Move Left for Lefties, Right for Righties
So, yeah, it’s the nature of politics that candidates move as far toward the ideology of a given audience as they think they can get away with, which increases the appearance of their agreement. Still, there are two additional — and worrisome — factors at play when the Providence Journal can describe the performance of six candidates for governor at a progressive event:
On many fronts, there were more similarities than differences among the slate of candidates that included two Democrats, two Republicans, a Moderate and an independent.
The first factor is that the candidates are, in fact, too close to each other, politically. At least, it can be said that so many things are considered to be relevant to government, at this point in our state and country history, that there’s always plenty of room to emphasize agreement. As an exception that proves the rule, consider this odd moment:
Republicans Victor G. Moffitt and John Robitaille were not asked about their positions on sex education or abortion, although both have described themselves as antiabortion.
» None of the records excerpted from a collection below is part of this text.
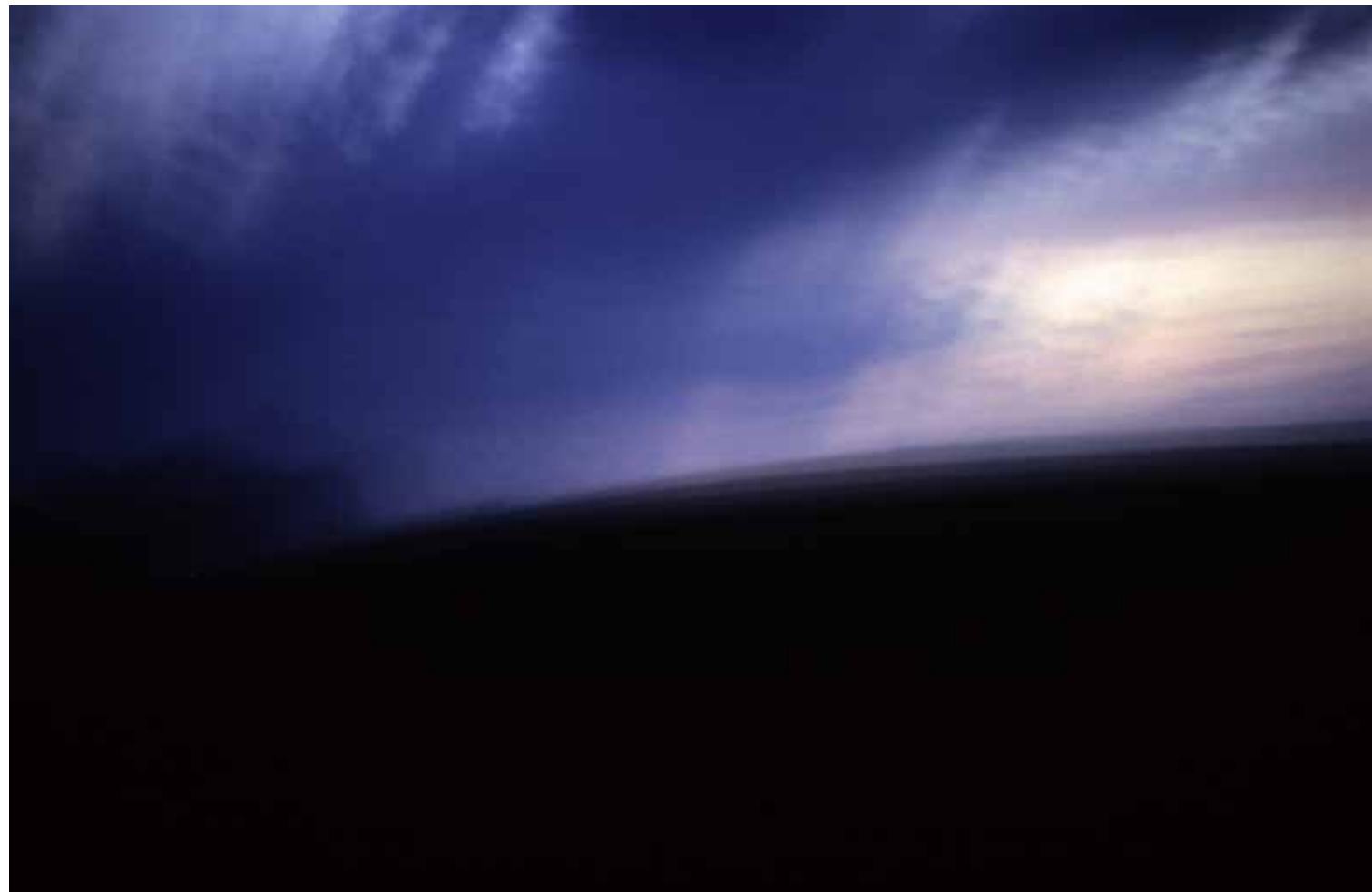
Z cyklu Pejzaże dynamiczne: Pejzaż 58, 2007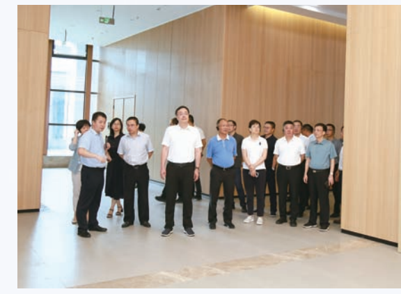
2024年8月,市十八届人大常委会主任许军带队视察南京大学江阴霞湾校区。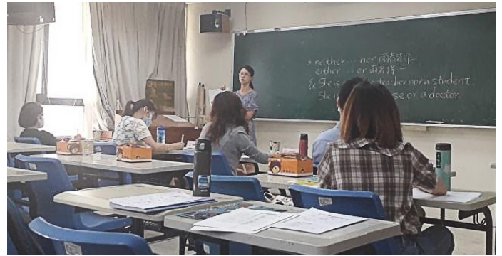
中等教育的試教 - 英文科

I don’t know whose decision it was not to ask the two Republicans those questions, but it can’t be healthy. Either they didn’t want to say or the event hosts didn’t want their audience to have to hear something with which they disagreed.
The second factor is that the political tracks are too well worn, especially in Rhode Island. The candidates know what they’re supposed to say to whom, and for the most part, the various constituencies are content to hear it. And there we go. Business as usual continues. How else to interpret this from Robitaille?
Robitaille, Governor Carcieri’s former communications director, went the furthest when he endorsed the creation of a task force to improve the state’s cash-assistance program, known as welfare.
“I don’t think throwing more money at a problem is going to solve it,” he said. “I’m not talking about cutting programs. I’m talking about making them better.”